Status: Research note (reference only) — v0.2
Date: 2026-06-18

> **Research only — not the authoritative source.** The connection-tier model is
> formalized in the OpenSpec change `openspec/changes/agent-connection-tiers/`
> (`proposal.md`, `design.md`, and the `agent-integration` spec delta). For any
> normative description of the tiers, the two axes, integration modes, the
> router-vs-puppeteer boundary, the adoption story, or the no-network-listener
> invariant, read that change — **not this note.** This file is kept only as an
> orientation/on-ramp plus a little extra comparative context, to avoid the two
> drifting apart.

## Orientation: the connection-strength ladder

Per agent, AgentTower negotiates the strongest available channel and always
falls back to the tmux floor. (Full normative model: `agent-connection-tiers`.)

| Tier | Channel | Inbound (events) | Outbound (delivery) | Works on |
| --- | --- | --- | --- | --- |
| **0 — tmux** | `pipe-pane` + paste-buffer | scraped output, rule-classified | paste-buffer + Enter | _anything_ (universal floor; ships today) |
| **1 — native harness** | hooks / MCP / stream-json | exact harness events | structured message delivery the harness accepts | Claude / Codex, per capability |
| **2 — Omnigent** | Omnigent session API / SSE | uniform structured events | hand off to Omnigent to drive | any harness Omnigent wraps |

Two settled decisions anchor the model (both specified normatively in the
design): **AgentTower is the router, not the puppeteer** (agents report *into*
it; it never drives an agent's task loop or intercepts tool calls), and
**Omnigent is the puppet master** AgentTower hands off to for action-level
driving.

## What the authoritative change covers

Rather than restate it here, see `openspec/changes/agent-connection-tiers/` for:

- the tier ladder and Tier-0-as-floor guarantee;
- independent inbound/outbound axis negotiation;
- the per-agent `integration` mode (`auto` / `tmux-only` / `native` /
`omnigent`);
- tier-independent outbound safety (FEAT-009 gate + kill switch in front of
every tier);
- first-class adoption of pre-instrumented panes;
- the no-network-listener invariant (hooks call the CLI over the Unix socket;
the MCP server is a stdio bridge to that socket).

## Extra comparative context (the part not in the design)

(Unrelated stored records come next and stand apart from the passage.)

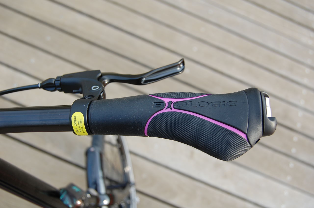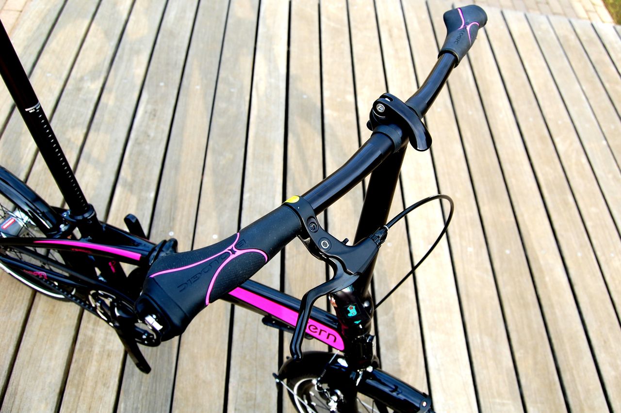 グリップとサドルにはフレームと同じピンクのストライプ
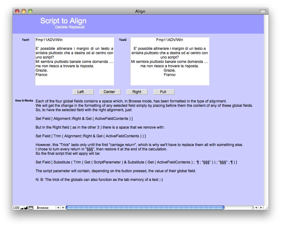 FileMaker lacks of a function to align text.
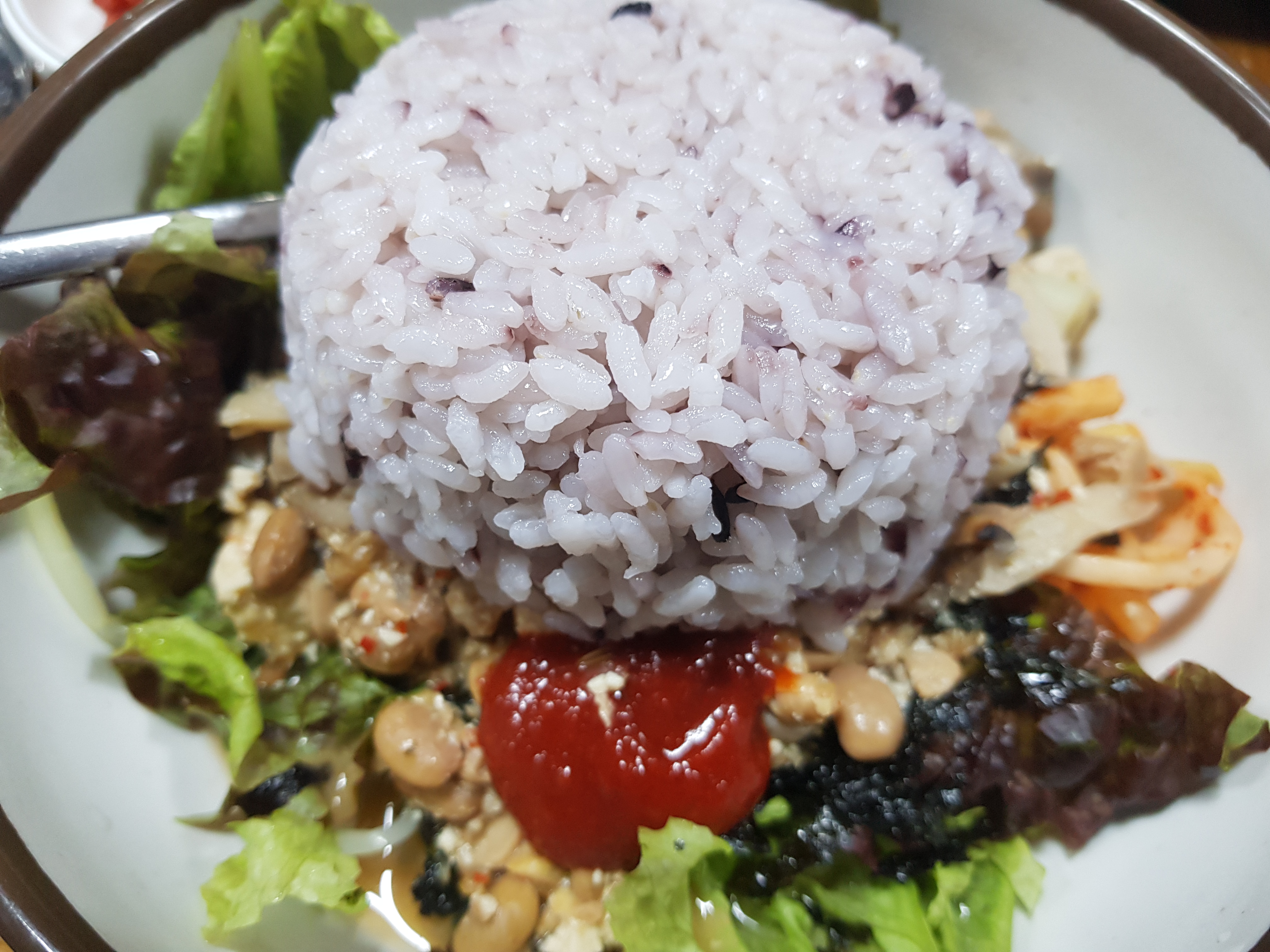 비빔나물이 따로 나오는데 청국장과 고추장을 넣으면 되는데 다 넣고 말씀해주셨습니다. 청국장 건더기를 많이 넣으라고 알려주셨는데 이미 국물을 많이 넣어 싱거웠습니다. 보고 가시는 분들은 청국장건더기를 많이 넣어주십시오. 참기름은 비빔나물에 들어가 있는 것 같습니다.
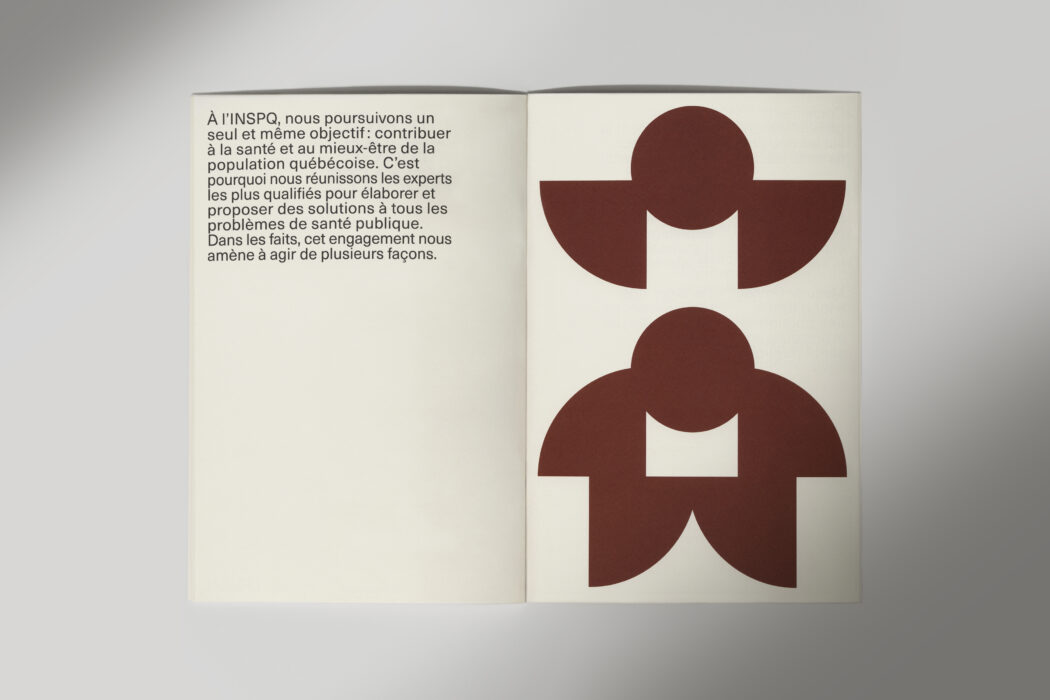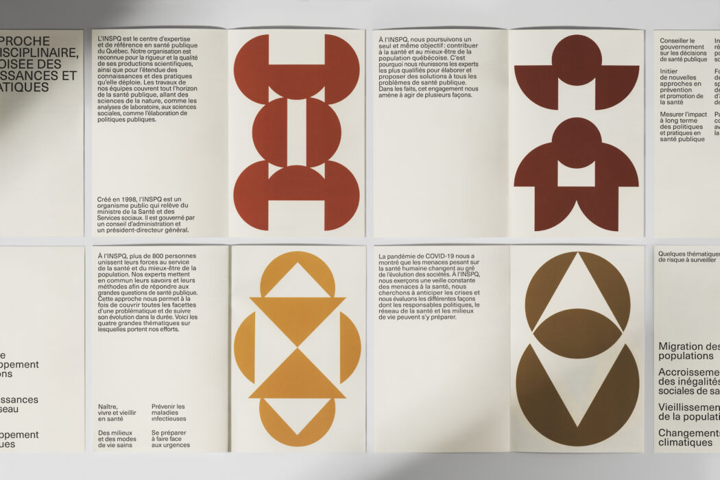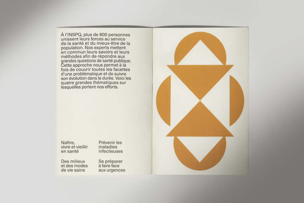 Avec ces deux brochures imprimées, l’INSPQ souhaite vulgariser son rôle au sein de la population québécoise, canadienne et internationale. Elles résument les activités professionnelles et les réalisations de l’Institut et de ses employés, qui œuvrent dans toutes les industries impactées par la santé publique. La conception graphique et les illustrations développées permettent de résumer cette vaste expertise via une palette de couleur chaleureuse et humaine.
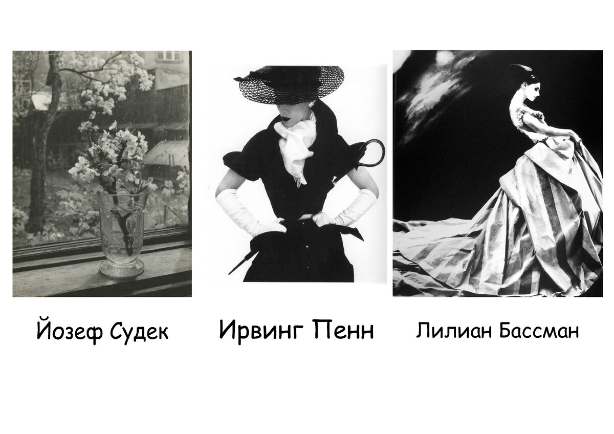 Мне хотелось бы обратить и ваше внимание на этих трех мастеров. И поговорить о их творчестве. Думаю для Вас это тоже будет в какой-то степени полезно и интересно. И так три великих мастера фотографии: Ирвинг Пенн, Йозеф Судек и Лилиан Бассман.
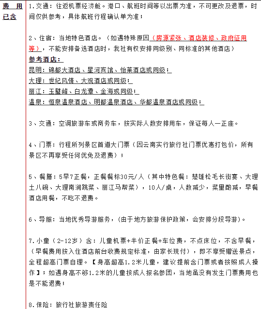 《2021年旅行社云南旅游产品参考成本消费提示》
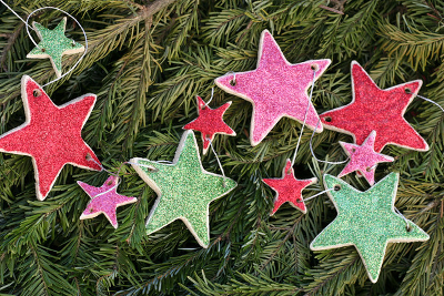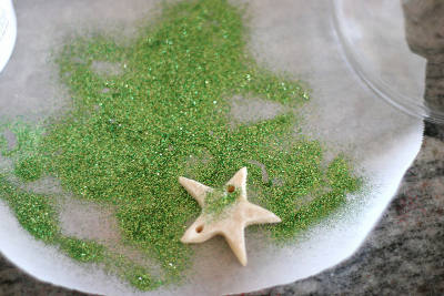 Используя зелёный глиттер, покройте блеском пышные бутоны ёлки. Лесная красавица засверкает, словно на ней зажглись тысячи огней.
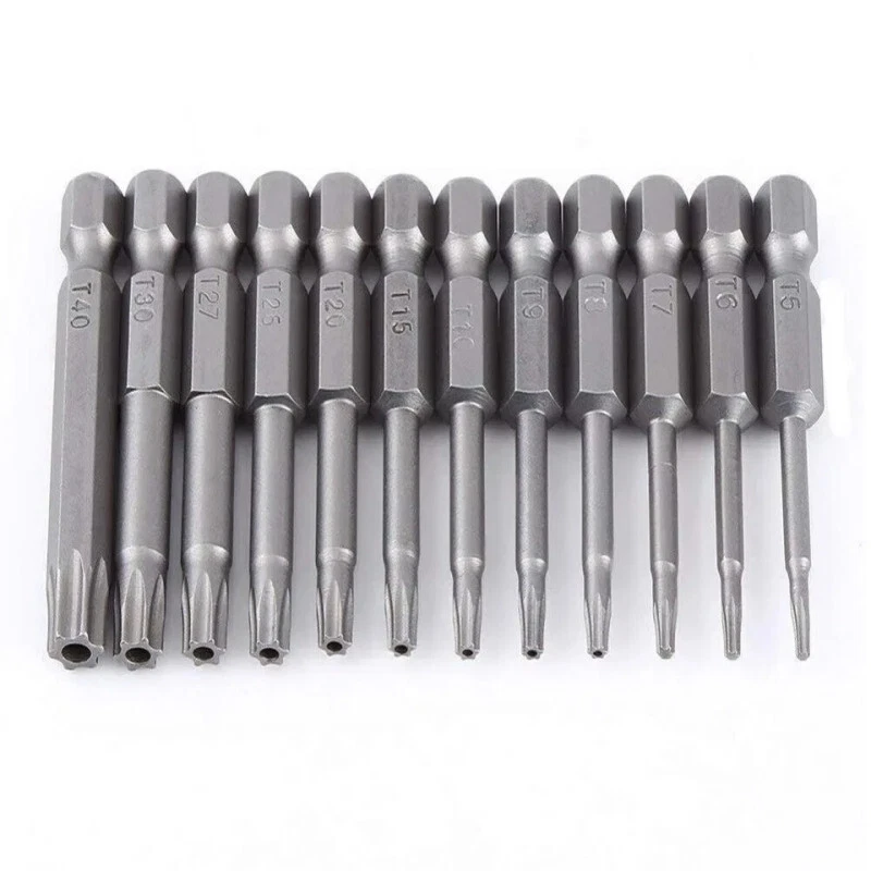 Product Characteristics High Q uality I ndustrial G rade M aterials: The Torx screwdriver bit set is made of high-quality S2 alloy steel with a special heat treatment process to increase the torque and full hardness of the bit, and it has good wear resistance and is more durable than regular Torx screwdriver bits. High P recision M achining T echnology: The product adopts CNC precision machining technology to ensure the accuracy of the product, so that the drill can withstand the instantaneous impact of large torque pneumatic tools, which greatly improves the service life of the product itself. Magnetic: The magnetic Torx screwdriver drill set can quickly and easily adsorb screws, greatly improving your work efficiency. Repeated use does not diminish the magnetic force. Suitable F or A V ariety O f P ower T ools: The 1/4" hexagon handle allows it to accommodate a wide range of power tools, allowing you to quickly change chucks. Suitable for electric drill, air drill, electric screwdriver, manual screwdriver and so on. A W ide R ange O f U se S cenarios: It can be widely used in automobile, home, industrial and other maintenance, and can also be used in other screw drives. Mechanical P rinciple D esign: Strong torque, high torque, after contact with the screw head, the impact reaction force generated by the impact screwdriver is absorbed by the torque part, effectively preventing the damage of the tool head. Straight and concentric, tight bite. Product Specification Status: 100% Brand New Material: S2 A lloy S teel Quantity: 12PCS Shank T ype: 6.35mm/ 1/4" H ex S hank Length: 1.97"/50mm Tool H ead S pecifications: T5, T6, T7, T8, T9, T10, T15, T20, T25, T27, T30, T40 Package Included 12 PCS × 50mm Torx Screwdriver B it Attention P lease 1. Please allow manual measurement error of 1-5mm. Make sure you don't mind before you buy. 2. Due to lighting effects, brightness contrast Settings of the display, etc., there may be some slight differences in the hue of the picture and the actual item, please make sure you don't mind.

This is the background that motivated the model and is not duplicated in the
normative change:

- **Why Omnigent is Tier 2, not a competitor.** See
`docs/related-work-omnigent.md` — Omnigent *wraps and drives* agents; AgentTower
*observes and routes* unmodified ones. Tier 2 is the deliberate hand-off seam,
not a merge of the two products.
- **Native harness surfaces that make Tier 1 possible.** Claude Code exposes
`-p`/`--print` headless with `--output-format stream-json` /
`--input-format stream-json`, lifecycle **hooks** (PreToolUse / PostToolUse /
Notification / Stop), and **MCP**. Codex exposes a headless `exec` mode, a JSON
output mode, and an MCP server mode. **Codex exact flag spellings must be
confirmed before they enter any implementing feature's tasks** (tracked in the
change's tasks).
- **The realism constraint.** Strong tiers generally require control at session
*startup* (hooks/MCP load at start; a running TUI can't switch into
stream-json mid-flight). That is why managed launch and pre-instrumented
adoption are the two unlock points, and why Tier-1 inbound via hooks is the
recommended first step.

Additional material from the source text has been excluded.